Event rates (per 1000 patient years) within each of the achieved systolic blood pressure (SBP) categories for the renal endpoint (increased from baseline in serum creatinine of >50%) shown separately for patients with and without diabetes.
Safety
Treatment in the ACCOMPLISH trial was generally well tolerated. Detailed information on adverse treatment effects has been provided previously.15
Discussion
During treatment in this trial, the distribution of patients across the achieved SBP categories was very similar for the diabetic and nondiabetic patients. However, there was a clear difference between these patient groups in the relationships between systolic BPs and CV outcomes.
Events in Patients With Diabetes
In the diabetic cohort, the composite primary endpoint (CV death, nonfatal myocardial infarction, or nonfatal stroke), as well as the individual components of this endpoint, were all significantly lower in the <140 mm Hg SBP category than in the uncontrolled (≥140 mm Hg) category.
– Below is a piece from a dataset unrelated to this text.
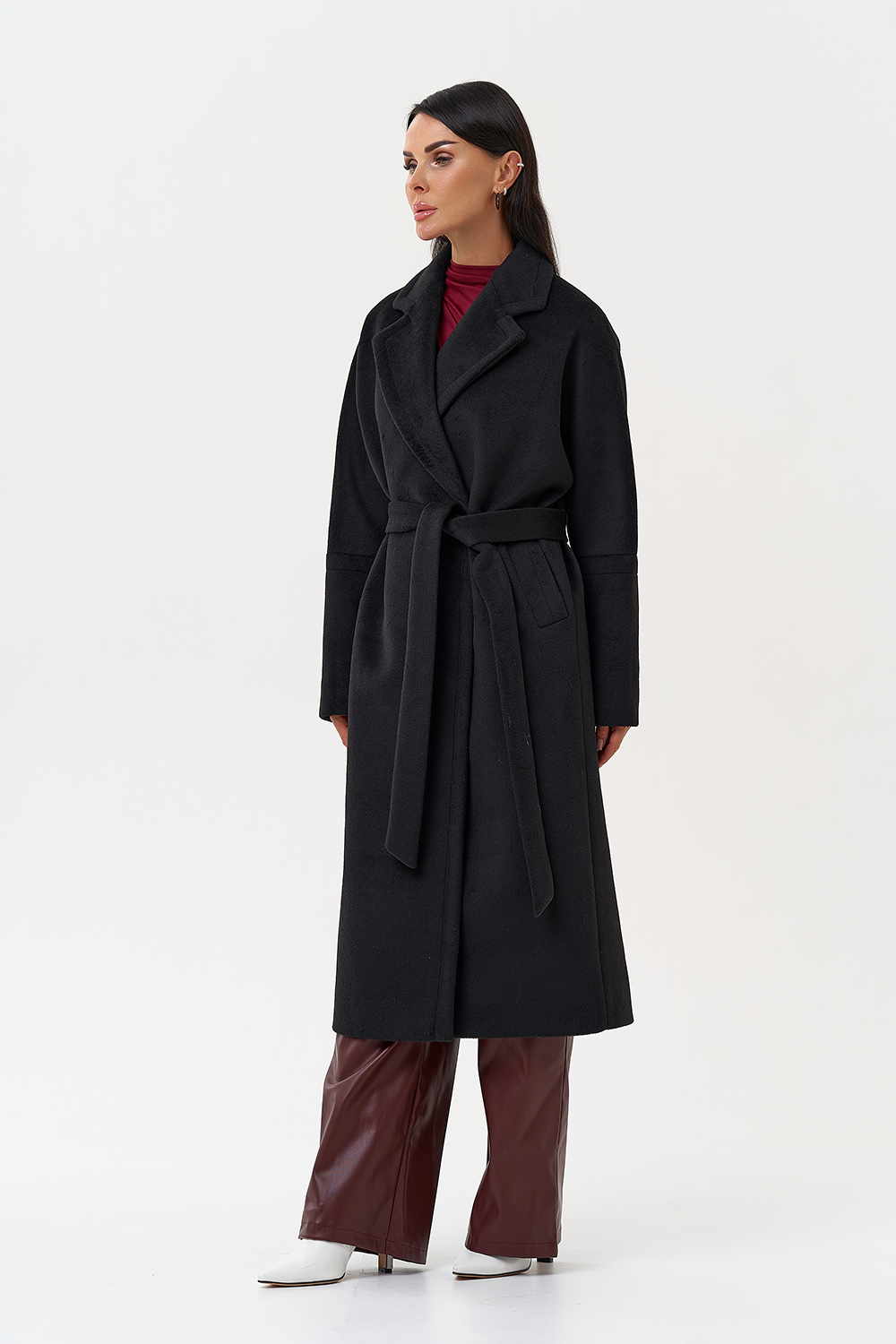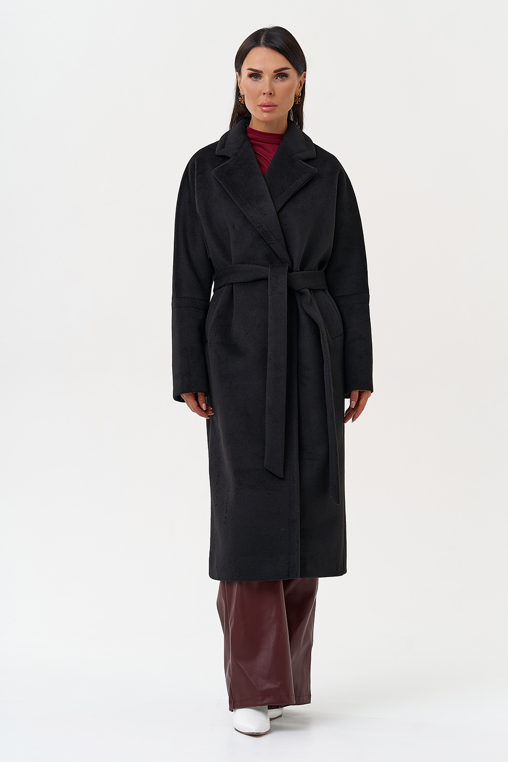 Силуэт - прямой Цвет - черный Длина - 115 см Вид полотна - тканое Состав полотна - шерсть 80%, п/э 20% Вид застежки - кнопки Крой воротника - английский воротник Фасон рукава - спущенное плечо, длинный Фасон кармана - прорезной Пояс |

Event rates at <130 mm Hg were similar to those at <140 mm Hg, but there was a loss of CV benefits at BPs <120 mm Hg. In fact, myocardial infarction rates were higher at <120 mm Hg than at <130 mm Hg, and both myocardial infarction and CV mortality rates were no longer significantly reduced when compared with the uncontrolled category. Even so, total event rates for the composite primary endpoint were still significantly lower in the <120 mm Hg group than in the uncontrolled group.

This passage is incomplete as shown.